Buntok – Anggota DPRD Barsel H. Raden Sudarto mengatakan, Dinas terkait diminta melakukan evaluasi menyeluruh terhadap program bantuan bibit ikan, itik, babi dan ternak jenis lainnya termasuk pakan, yang setiap tahun disalurkan kepada masyarakat.
Evaluasi tersebut dinilai penting untuk memastikan program bantuan benar-benar mampu menjadi stimulan dalam meningkatkan perekonomian masyarakat, bukan sekadar menjadi agenda pembagian bantuan secara rutin setiap tahun.
"Evaluasi harus melihat sejauh mana hasil dan manfaat bantuan yang telah diberikan kepada masyarakat penerima.
Kita harus melihat apa hasil dari program bantuan ini. Apakah benar menjadi modal awal untuk mengembangkan ekonomi masyarakat atau hanya sebatas dibagikan setiap tahun saja?” ujar H. Alex demikian H. Raden Sudarto akrab disapa, Rabu 9 September 2026 di gedung wakil rakyat.
Menurut politisi PDIP Barsel tersebut, sejumlah bantuan seperti bibit itik, ayam buras, babi, kambing, babi maupun pakan ikan semestinya dapat dikembangkan sehingga memberikan manfaat ekonomi secara berkelanjutan bagi masyarakat.
Karena itu, pemerintah perlu memastikan kondisi bantuan setelah disalurkan. Apakah masih dipelihara dan dikembangkan oleh penerima atau justru dijual kembali tanpa adanya pengembangan usaha yang berkelanjutan. Kalau ikan harus dijual kalau sudah besar, tapi ada kelanjutannya, harus menjadi modal kembali sebagai pengembangan ekonomi.
Ia menilai, pemberian bantuan tanpa disertai evaluasi berpotensi membuat masyarakat hanya bergantung pada program pemerintah setiap tahun, tanpa terjadi peningkatan kapasitas maupun kemandirian usaha.

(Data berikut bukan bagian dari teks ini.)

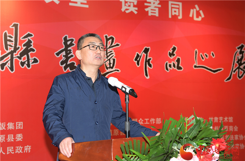 王登渤在致辭中說,素有“書法之鄉(xiāng)”的鎮(zhèn)原,歷史文化悠久。書法、繪畫興始漢代,盛至清末,而喜好書畫之風則歷史更久。在歷代書畫家的精心耕耘下,鎮(zhèn)原凝聚起一股濃郁的習書作畫的藝術氣息。經過百余年的傳承與發(fā)展,如今的鎮(zhèn)原書畫之風盛行,無論城鎮(zhèn)鄉(xiāng)村、大家小戶,貼字掛畫蔚然成風,涌現出的一大批書畫名流,猶若星辰,遍布于全國各地。作為一個縣,此次能在蘭州舉辦書畫巡展,藝術水準很高,充分展示出鎮(zhèn)原縣“中國書法之鄉(xiāng)”的深厚文化內涵和鎮(zhèn)原縣書畫家們的才情智慧和藝術品格,也全面展示了鎮(zhèn)原發(fā)展變化的嶄新面貌。希望鎮(zhèn)原縣繼續(xù)加大扶持發(fā)展書畫事業(yè),持續(xù)提升鎮(zhèn)原書畫藝術發(fā)展水平,也希望涌現出更多的書畫藝術家,為繁榮當地文藝事業(yè)、助力脫貧攻堅、美麗鄉(xiāng)村建設作出應盡的貢獻。
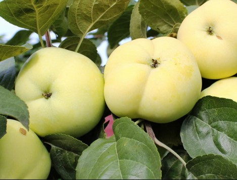 Летнего срока потребления. Дерево среднерослое или высокорослое. Крона широкоовальная, густая. Плодоносит преимущественно на кольчатках. Плоды ниже средней величины, массой 80 г, максимум - 100 г, плоскоокруглой слабоконической формы, слабо или среднеребристые в верхней части, иногда с продольным швом, характерным для Папировки. Кожица тонкая, прочная, сухая, блестящая, зеленовато-беловатая, часто с золотистым загаром. Покровная окраска отсутствует. Мякоть беловатая, мелкозернистая, очень сочная, рыхлая, ароматная. Вкус очень хороший, кисло-сладкий. Зимостойкость очень высокая. Урожайность высокая, регулярная. Скороплодность выше средней. Универсальный.
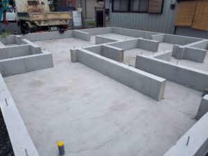 こちらは、大祝町のS様邸です。 基礎工事が完了しました。順調に進み一安心です。(^^♪
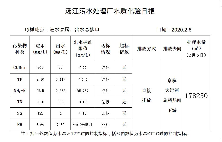 汤汪污水处理厂水质化验日报(2020.2.6)
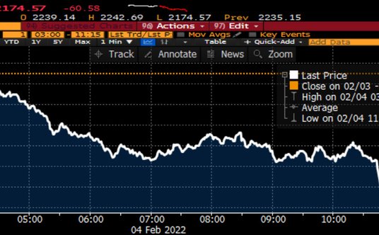 Notowania indeksu WIG20 spadają o około 1,7 proc., schodząc poniżej 2200 pkt
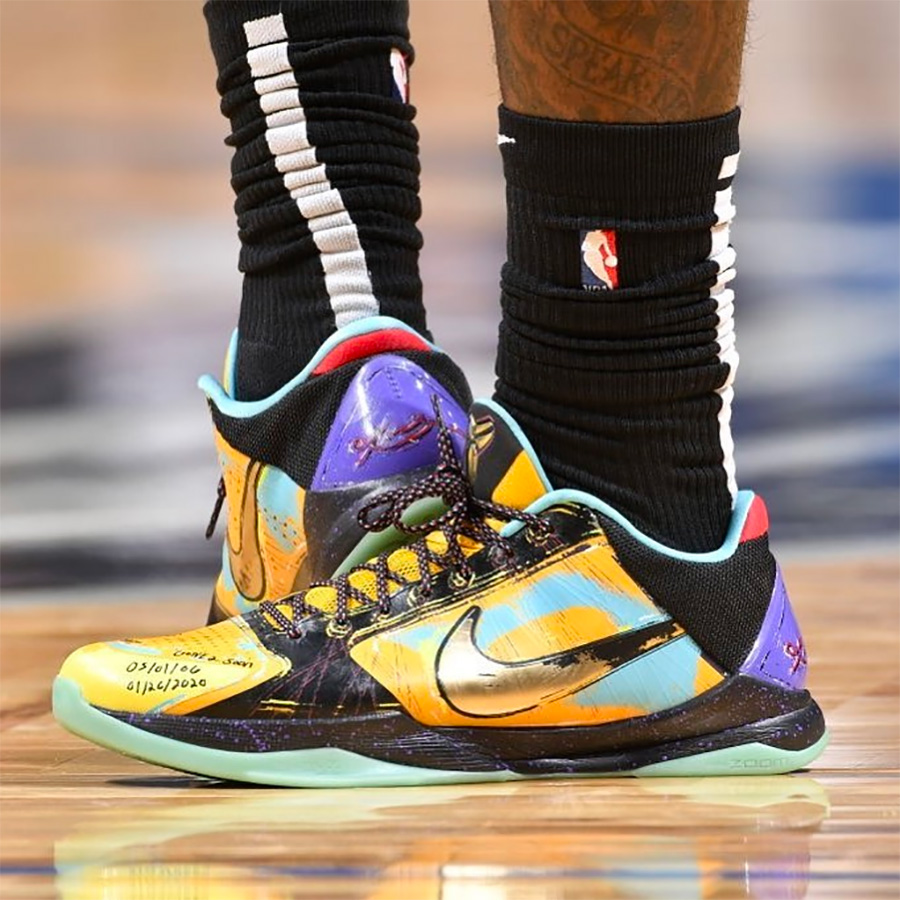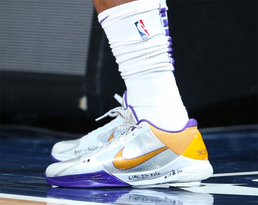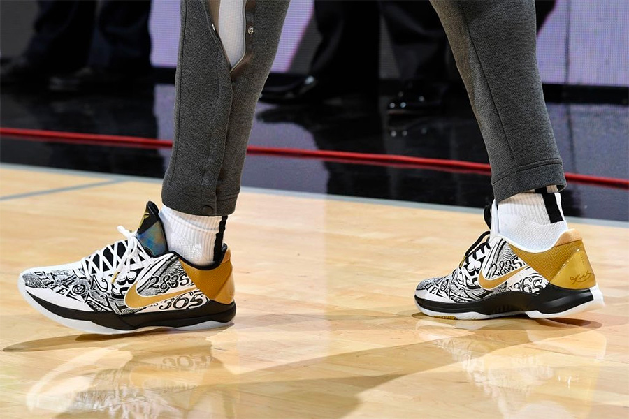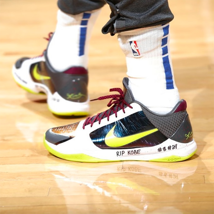 在 NBA 赛场,球员们以 Kobe 战靴和在球鞋上书写悼念文字,表达哀思。
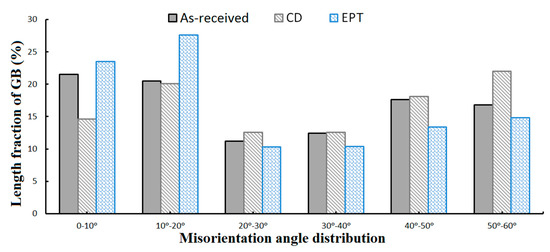 For further analysis of the grain boundaries, Figure 5 shows the length fraction (LF) of grain boundaries at different misorientation angles. It is observed that at smaller angles, the LF for CD samples is lower than for the EPT specimens. However, as the misorientation angle increases, the LF decreases for the EPT samples. Dislocations create arrays of high angle boundaries (HAB) during CD. Although during the EPT the low angle grain boundaries (LAGB) tend to be stabilized, due to the continuous recrystallization caused by a localized heating [18]. There is no evidence of twining detected, either by Coincident Site Lattice (CSL) or by any other misorientation characteristic Grain average misorientations (GAM) were also calculated and they are in fair agreement with the Kernel Average Misorientations (KAM) shown in Figure 4. The distributions are fairly lognormal with average values shown in Table 5. The presented values are different from the ones shown for the particular scans in Figure 4, but the general behavior is similar. Unexpected diminishment in the CD sample, for all methods (KAM, GAM, HAGB, LAGB) that evaluate defect storage, suggests that continuous dynamic recrystallization (CDR), somehow cleans up some defects without any extra external heating and is only driven by the same deformation and temperature of the samples. It is expected that these microstructure changes reflect local heat treatments influencing the development of residual stresses in the wire, which is crucial for the number of drawing steps before annealing treatment.
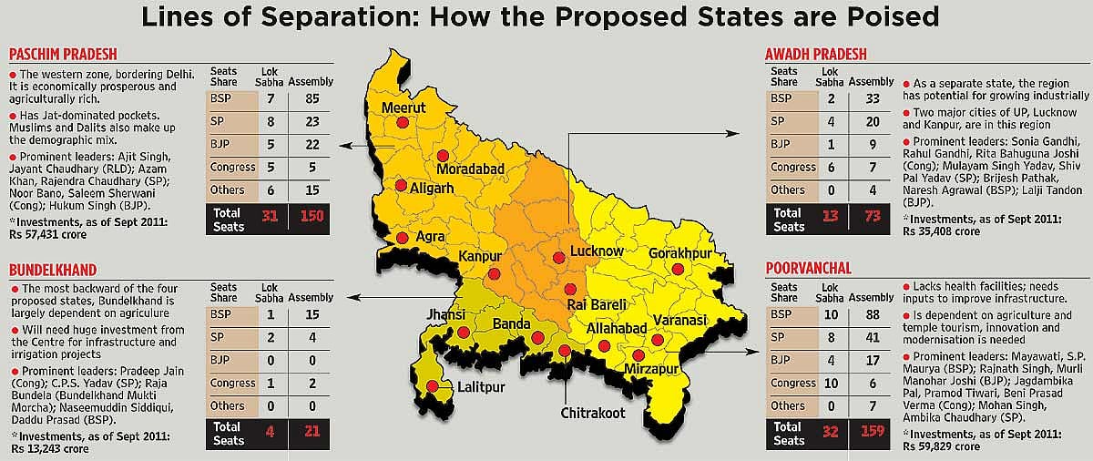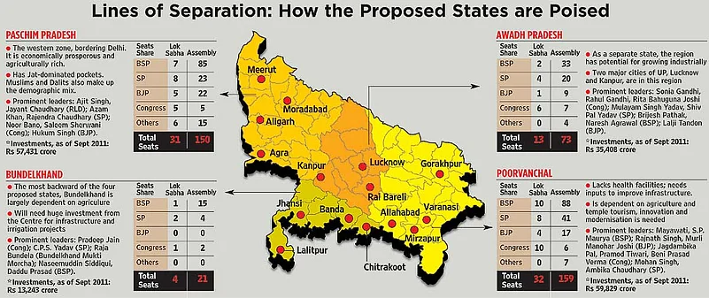 The road to New Delhi, so goes the cliche, passes through Uttar Pradesh, which sends as many as 80 MPs to the Lok Sabha, the most among the states in the country. But that route is likely to get complicated—and some day soon—for Uttar Pradesh chief minister Mayawati has proposed dividing the state into four. Her cabinet has already adopted a resolution on doing so and, as early as November 21, the state assembly is likely to follow suit, effectively putting in a bind the Congress-led UPA government at the Centre. The state goes to elections next year, and this sudden manoeuvre—her rival parties, which are trying to corner her on corruption and misgovernance, call it a diversionary tactic—is a challenge to the national parties, particularly the Congress. The Congress cannot be seen as opposing the move, but how can it swiftly clear the creation of four states when it hasn’t been able to decide yet on Telangana, an issue dividing its MPs and MLAs from the region? And what of the demand for Vidarbha in Maharashtra? In Uttar Pradesh, there has been no consistent call for new states save for the ‘Jat belt’ in the west and Bundelkhand. (The latter, anyway, is complicated by the fact that locals see Bundelkhand as a region extending into neighbouring Madhya Pradesh too.)
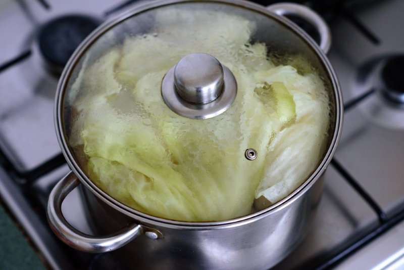 Oddzielone liście należy gotować jeszcze przez następne dwie minuty, po czym wyjmujemy je i doprowadzamy do temperatury pokojowej. Dalej należy pozbyć się twardych części kapusty.
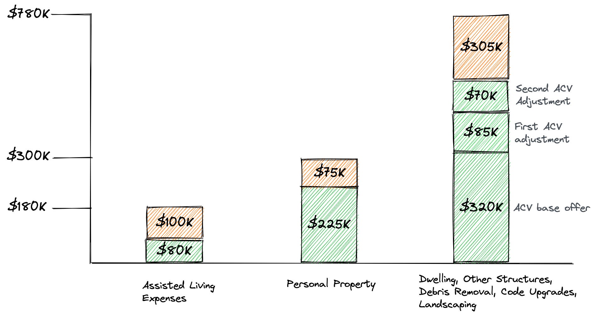 In the end, I was able to show we were owed another $67,025.85 in ACV. I sent the spreadsheet to our adjuster, and she promised to review it and get back to us by March 4th. And, promptly, on March 4th, she responded accepting all our changes, and had bumped ACV a little higher to $70,027.86.

“Kalau bantuan hanya habis dijual, kemudian tahun berikutnya meminta lagi, tentu tujuan program sebagai stimulan ekonomi tidak tercapai. Kalau tidak ada keberlanjutan, program itu percuma,” tegasnya.
Dia juga meminta evaluasi dilakukan secara menyeluruh, mulai dari proses pengadaan, kualitas bantuan, mekanisme penyaluran, ketepatan sasaran hingga perkembangan usaha masyarakat setelah menerima bantuan.
Menurutnya, keberhasilan program tidak semata-mata diukur dari jumlah bibit atau bantuan yang disalurkan, tetapi dari dampak nyata terhadap peningkatan pendapatan dan kemandirian ekonomi masyarakat.
“Yang harus dilihat bukan hanya berapa banyak bantuan yang dibagikan, tetapi apa hasilnya dan manfat setelah bantuan itu diterima masyarakat.
Anggaran harus diarahkan kepada program yang manfaatnya benar-benar dirasakan masyarakat. Kalau program tidak efektif, lebih baik dievaluasi dan anggarannya dialihkan ke sektor yang lebih memberikan dampak,” pungkasnya. (Saprudin)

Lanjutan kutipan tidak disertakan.